*YOUR TASK*
In the records below, the lines between the one holding "Cuts prior shot" and the one holding "我是近期媒体报道中的房东。我", inclusive, are to be transcribed exactly; no pictures are to be included.

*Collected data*
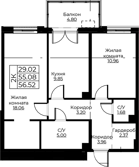 В проекте предложено множество планировочных решений: в наличии квартиры, как классического типа, так и европланировки. Сдаются они с чистовой отделкой в 2 цветовых решениях, высотой потолков от 2.67 до 4.27 метров и увеличенными окнами. Двухуровневые квартиры сдаются без отделки, с высотой потолков на 1 этаже — 2.97, 2 этаже — 3.1 метров. В ЖК имеются лоты с террасами и видом на лес.
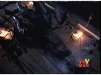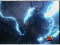 Cuts prior shot of Demons rallying around Triskull; Cuts follow-ups of Triskull reviving and killing himself. |
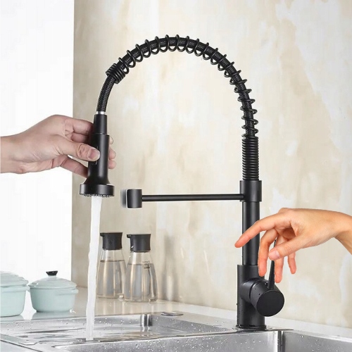 Кухонний змішувач, ВИСОКА ПРУЖИНА, ЧОРНИЙ МАТОВИЙ З ВИСУВНИМ ГНУЧКИМ ВИЛИВОМ
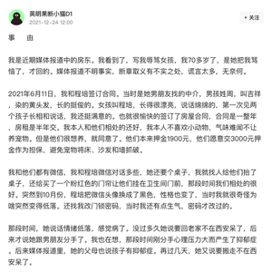 我是近期媒体报道中的房东。我看到了,写我辱骂女孩,我70多岁了,是她把我骂恼了,才回的。媒体报道不明事实,断章取义有不实之处,谎言太多,无奈何。
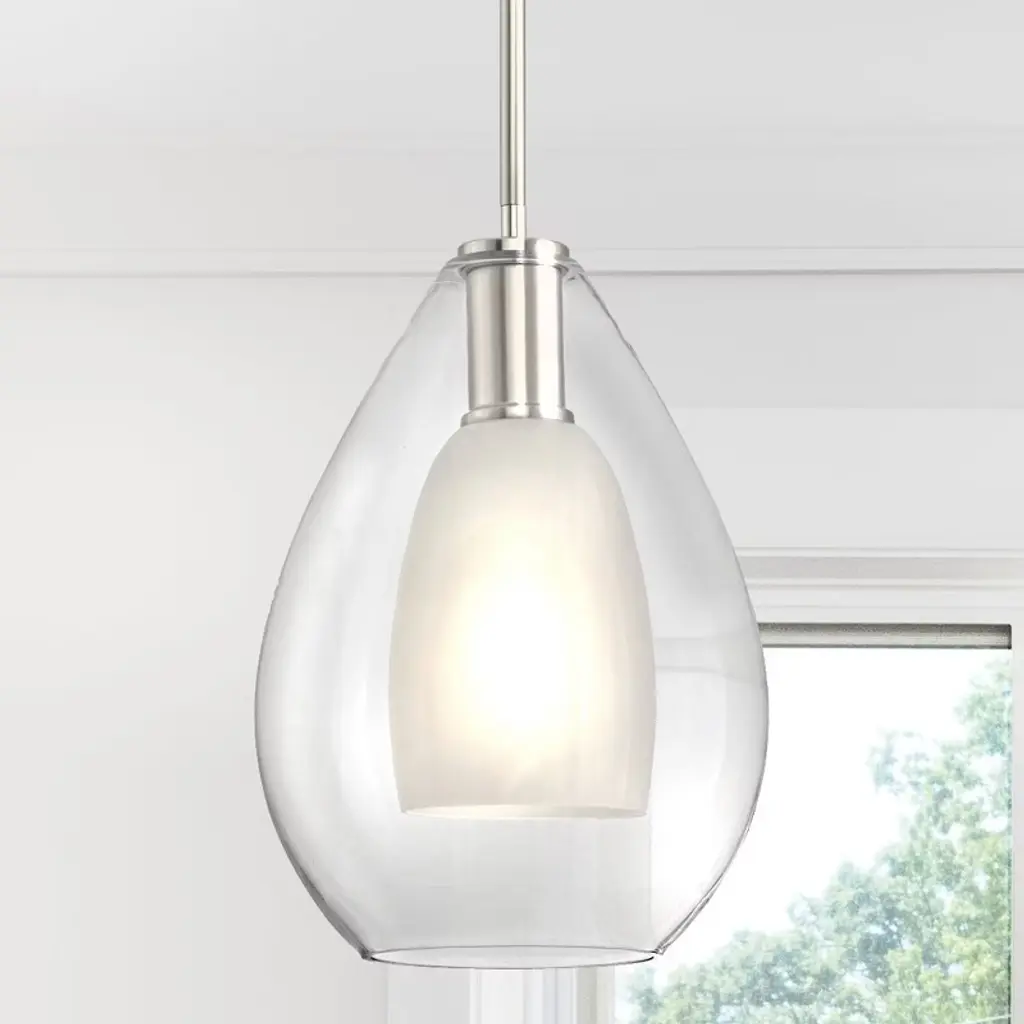 The distinctive Elle 11 Pendant is composed of an outer tear-drop trans gray glass shade, complemented perfectly with a blown opal glass sphere. The inner opal conceals the light source, while both diffusing and directing downward the output the the light source. The pleasing play of light and dimension through the Elle makes for asoothing optical affect. The cord pendant fixture is equipped with a 10' SVT cordset and an low profile flat monopoint canopy. These stylish and functional luminaries are offered in a beautiful brushed Bronze finish.
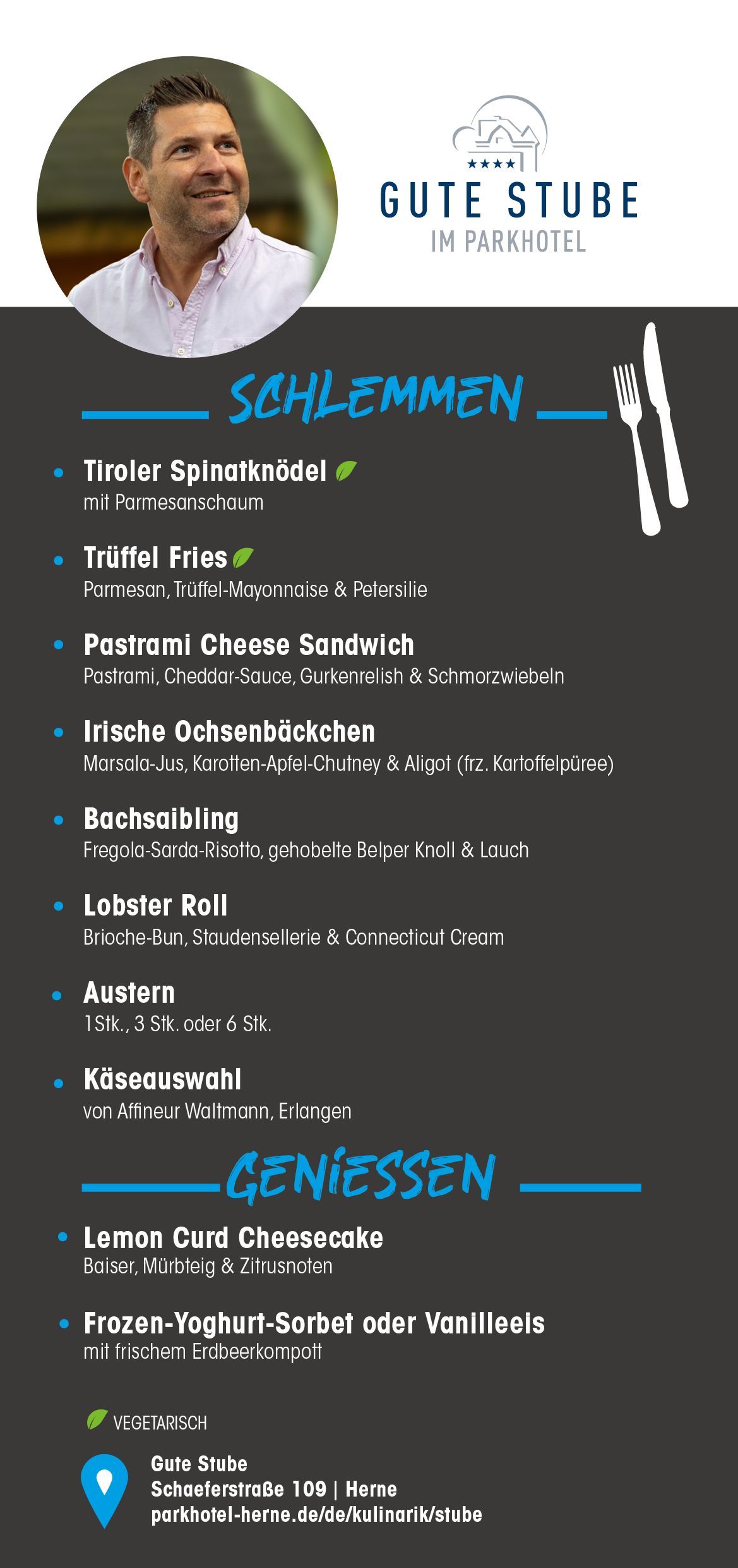 Nehmen Sie Platz, schalten Sie vom Alltag ab, genießen Sie die Ruhe und lassen Sie sich kulinarisch verwöhnen. Ob ausgedehntes 5 Gänge Menü mit Familie & Freunden in der "Guten Stube" oder geselliges Beisammensein im Stübchen. Im Parkhotel Herne fühlt sich jedermann gleichermaßen willkommen und spürt sofort die persönliche Atmosphäre des Hauses.
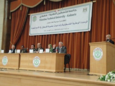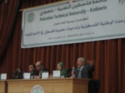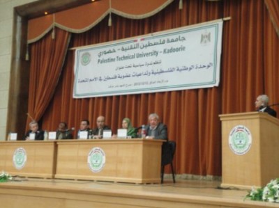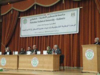 نظمت جامعة فلسطين التقنية – خضوري ، اليوم الأربعاء ، ندوة سياسية بعنوان " الوحدة الوطنية الفلسطينية وتداعيات عضوية فلسطين بالامم المتحدة " بمشاركة اللواء محمود العالول– عضو اللجنة المركزية لحركة فتح والدكتور مصطفى البرغوثي امين عام حركة المبادرة الوطنية الفلسطينية ، وذلك بحضور القائم بأعمال رئيس جامعة خضوري الدكتور سائد ملاك،و محافظ محافظة طولكرم السيد جمال سعيد،، ورئيس جمعية أصدقاء خضوري الخيرية الدكتور سليمان الخليل ود.سهام ثابت – عضو المجلس التشريعي، وامين سر اقليم حركة فتح بطولكرم السيد مؤيد شعبان، وحشد كبير من مدراء المؤسسات الحكومية والأهلية وغير الأهلية وكادر الجامعة الأكاديمي والإداري وجمهور غفير من طلبة الجامعة امتلأت بهم مدرجات مسرح الشهيد ياسر عرفات، حيث تولى عرافة حفل التكريم ا. رشيد الراميني مدير دائرة الدراسات والتنمية المجتمعية في الجامعة.

*RESPONSE TO THE TASK*
 Cuts prior shot of Demons rallying around Triskull; Cuts follow-ups of Triskull reviving and killing himself. |
 Кухонний змішувач, ВИСОКА ПРУЖИНА, ЧОРНИЙ МАТОВИЙ З ВИСУВНИМ ГНУЧКИМ ВИЛИВОМ
 我是近期媒体报道中的房东。我看到了,写我辱骂女孩,我70多岁了,是她把我骂恼了,才回的。媒体报道不明事实,断章取义有不实之处,谎言太多,无奈何。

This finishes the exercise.